What to work on => What you write must match the records exactly, except for the images, which are left out.

Segment Start: Records provided

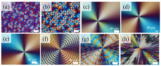 POM graphs of neat PTT crystallized at different crystallization temperature (Tc) values: (a) 90 °C; (b) 100 °C; (c) 140 °C; (d) 150 °C; (e) 160 °C; (f) 165 °C; (g) 175 °C; (h) 190 °C, after crystallized at Tmax = 260 °C for 5 min (scale bar = 40 μm).
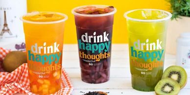 At The Happy Chai House, we believe that every sip should bring a smile. Our tagline, "Drink Happy Thoughts," is more than just words—it’s our philosophy. We’re dedicated to creating moments of joy, one cup at a time. From our signature bubble teas to refreshing iced beverages, creamy soft-serve ice cream, and delicious waffles, every item on our menu is crafted to brighten your day.
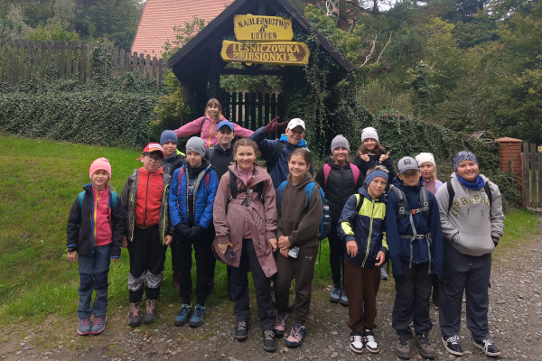 15 osób wraz z p. Agnieszką Matera i p. Moniką Żak wyruszyło z Jaworza Nałęża szlakiem szklanym na szczyt Błatniej. Po dwóch godzinach marszu dotarliśmy do celu, zrobiliśmy pamiątkowe zdjęcia, chętni udali się po pieczątki do schroniska, a później poszliśmy do Rancza Błatnia, aby usmażyć sobie kiełbaski.
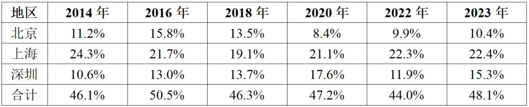 表6 2014-2023年北京、上海、深圳集成電路設計、制造、封測三大主業銷售收入占全國比重情況
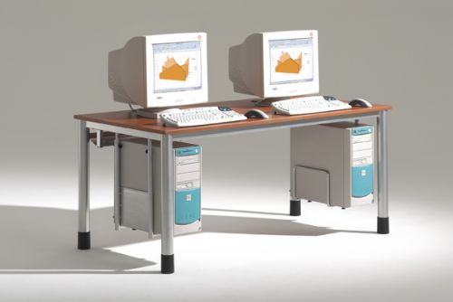 EDV-Tisch mit offenem Kabelkanal. Die Kabelzuführung erfolgt über Kunststoff-Rosetten in der Oberplatte.

Segment End: Records provided

Result of this task =>
 POM graphs of neat PTT crystallized at different crystallization temperature (Tc) values: (a) 90 °C; (b) 100 °C; (c) 140 °C; (d) 150 °C; (e) 160 °C; (f) 165 °C; (g) 175 °C; (h) 190 °C, after crystallized at Tmax = 260 °C for 5 min (scale bar = 40 μm).
 At The Happy Chai House, we believe that every sip should bring a smile. Our tagline, "Drink Happy Thoughts," is more than just words—it’s our philosophy. We’re dedicated to creating moments of joy, one cup at a time. From our signature bubble teas to refreshing iced beverages, creamy soft-serve ice cream, and delicious waffles, every item on our menu is crafted to brighten your day.
 15 osób wraz z p. Agnieszką Matera i p. Moniką Żak wyruszyło z Jaworza Nałęża szlakiem szklanym na szczyt Błatniej. Po dwóch godzinach marszu dotarliśmy do celu, zrobiliśmy pamiątkowe zdjęcia, chętni udali się po pieczątki do schroniska, a później poszliśmy do Rancza Błatnia, aby usmażyć sobie kiełbaski.
 表6 2014-2023年北京、上海、深圳集成電路設計、制造、封測三大主業銷售收入占全國比重情況
 EDV-Tisch mit offenem Kabelkanal. Die Kabelzuführung erfolgt über Kunststoff-Rosetten in der Oberplatte.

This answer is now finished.